▶ _Required action_: Answer with the exact lines of the following material from the one containing "Слайд 7История открытия табака" through the one containing "The geometric model", both end lines included.

▶ _Recorded data_:
• • • •

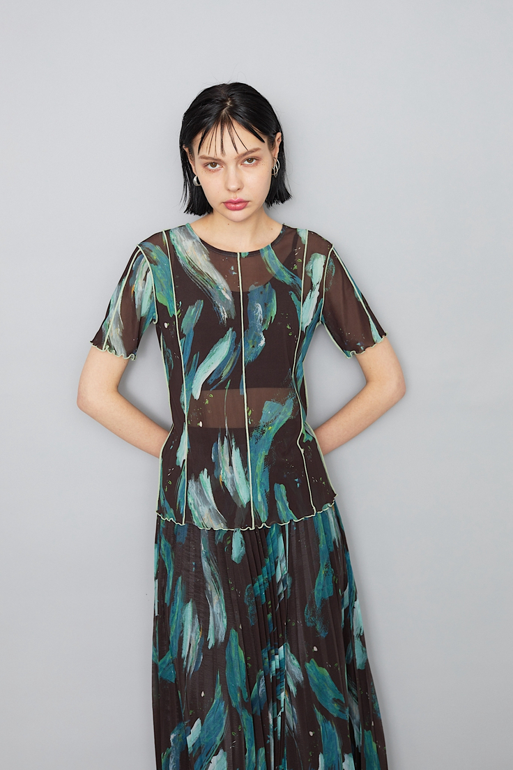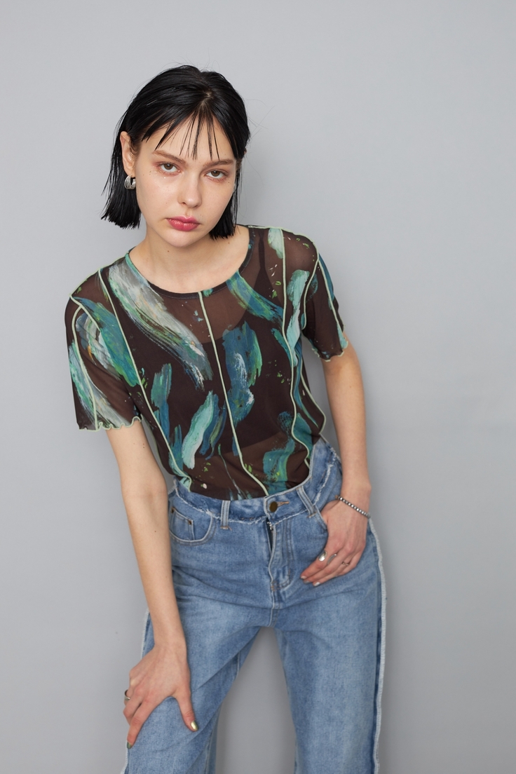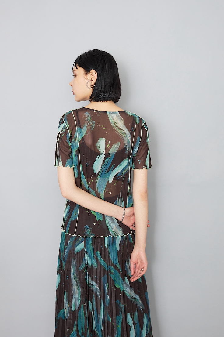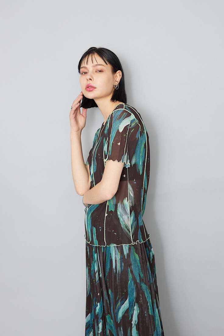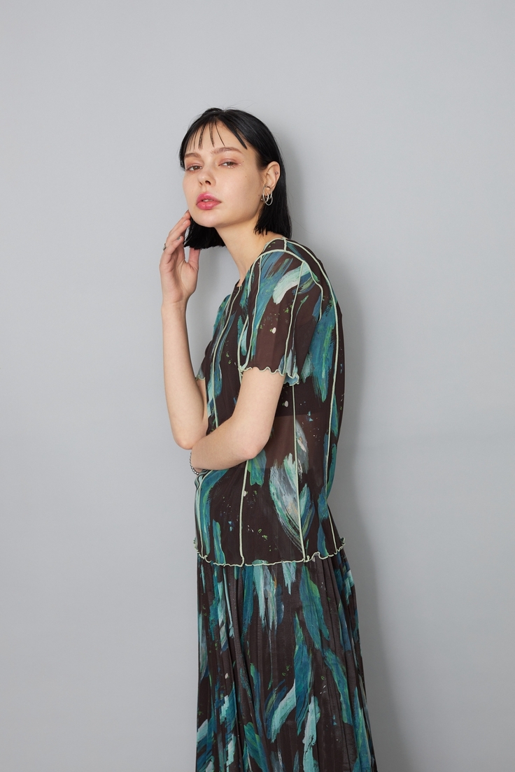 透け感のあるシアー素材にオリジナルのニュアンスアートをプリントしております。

• • • •

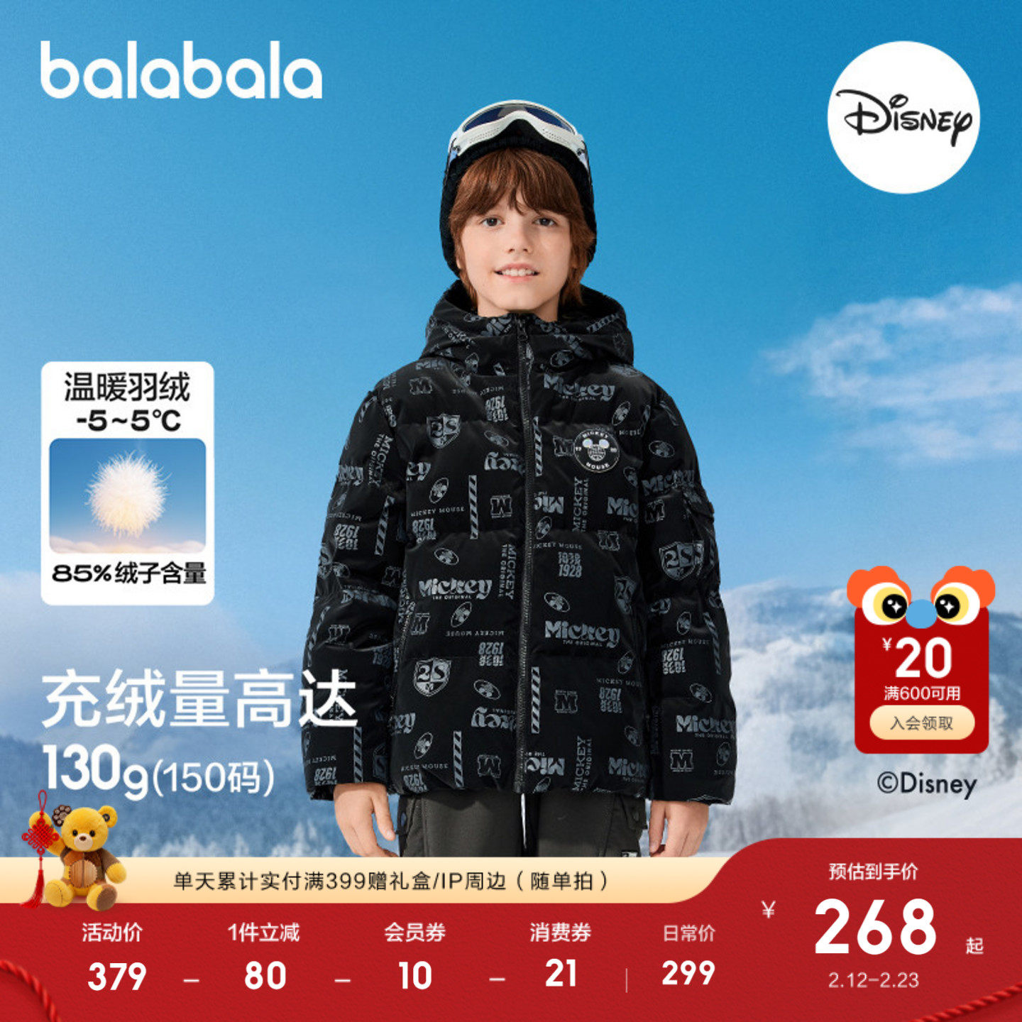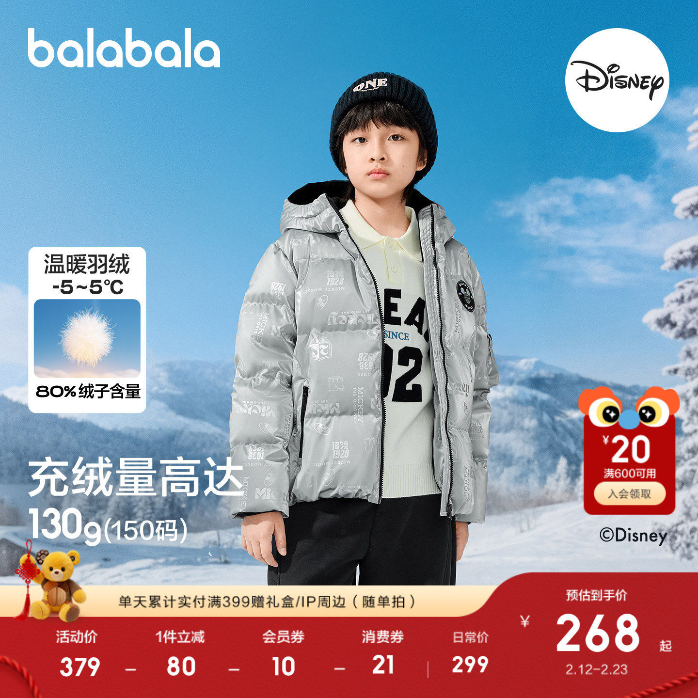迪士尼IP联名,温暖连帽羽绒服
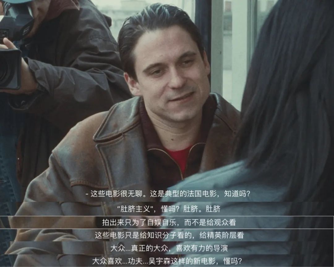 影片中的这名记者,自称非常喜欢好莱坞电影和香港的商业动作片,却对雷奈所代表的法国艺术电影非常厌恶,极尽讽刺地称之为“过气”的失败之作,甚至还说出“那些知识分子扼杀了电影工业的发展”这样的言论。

• • • •

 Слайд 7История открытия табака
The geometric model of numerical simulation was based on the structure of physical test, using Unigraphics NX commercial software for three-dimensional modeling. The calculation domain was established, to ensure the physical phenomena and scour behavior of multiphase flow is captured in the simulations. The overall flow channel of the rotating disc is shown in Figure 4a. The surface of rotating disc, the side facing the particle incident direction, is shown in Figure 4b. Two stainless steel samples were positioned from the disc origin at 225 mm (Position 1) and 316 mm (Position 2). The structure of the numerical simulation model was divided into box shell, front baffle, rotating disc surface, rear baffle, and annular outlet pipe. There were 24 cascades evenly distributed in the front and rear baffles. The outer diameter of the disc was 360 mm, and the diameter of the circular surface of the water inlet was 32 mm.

• • • •

▶ _Task solution_:
 Слайд 7История открытия табака
The geometric model of numerical simulation was based on the structure of physical test, using Unigraphics NX commercial software for three-dimensional modeling. The calculation domain was established, to ensure the physical phenomena and scour behavior of multiphase flow is captured in the simulations. The overall flow channel of the rotating disc is shown in Figure 4a. The surface of rotating disc, the side facing the particle incident direction, is shown in Figure 4b. Two stainless steel samples were positioned from the disc origin at 225 mm (Position 1) and 316 mm (Position 2). The structure of the numerical simulation model was divided into box shell, front baffle, rotating disc surface, rear baffle, and annular outlet pipe. There were 24 cascades evenly distributed in the front and rear baffles. The outer diameter of the disc was 360 mm, and the diameter of the circular surface of the water inlet was 32 mm.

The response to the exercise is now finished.